Awards and highlights
- Insight.com Bowl champion (1997);

Career NFL statistics
- Games played: 46
- Receptions: 19
- Receiving yards: 143
- Touchdowns: 1
- Stats at Pro Football Reference

= Mike Lucky =

American football player (born 1975)

Michael Thomas Lucky (born November 23, 1975) is an American former professional football player who was a tight end in the National Football League (NFL) for the Dallas Cowboys. He played college football for the Arizona Wildcats.

==Early life==
Lucky was born in Antioch, California, where he played in Antioch Youth Football. He attended Antioch High School. As a junior, he tallied 17 receptions for 350 yards and 5 touchdowns, while receiving second-team All-Bay Valley Athletic honors.

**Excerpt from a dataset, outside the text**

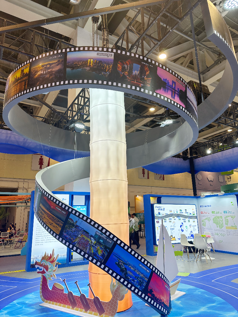 步入展廳,一座以“膠卷”為元素的大型裝置尤為醒目。該裝置由園區美景攝影作品拼接而成,自地面盤旋而上,凝練園區代表性的景觀精華和美好風貌,集中呈現園區文旅的非凡魅力。

As a senior, he served as team captain and recorded 36 receptions for 650 yards and 11 touchdowns, while receiving All-Bay Valley Athletic honors at tight end and defensive tackle. He also earned All-Northern California and All-state honors. He left high school rated as the 15th best tight end in the country by SuperPrep magazine.

He also was named All-Bay Valley Athletic in basketball. His best game came in his junior season, posting career highs in points (33) and rebounds (18), during a 75–67 overtime victory over Pinole Valley High School. In 2014, he was inducted into the Antioch Sports Hall of Fame.

==College career==
Lucky accepted a football scholarship from the University of Arizona, where he became a three-year starter for the Wildcats, starting 35 of his final 36 games. As a redshirt freshman, he appeared in 11 games, starting the last 2 contests, while making 5 receptions for 99 yards.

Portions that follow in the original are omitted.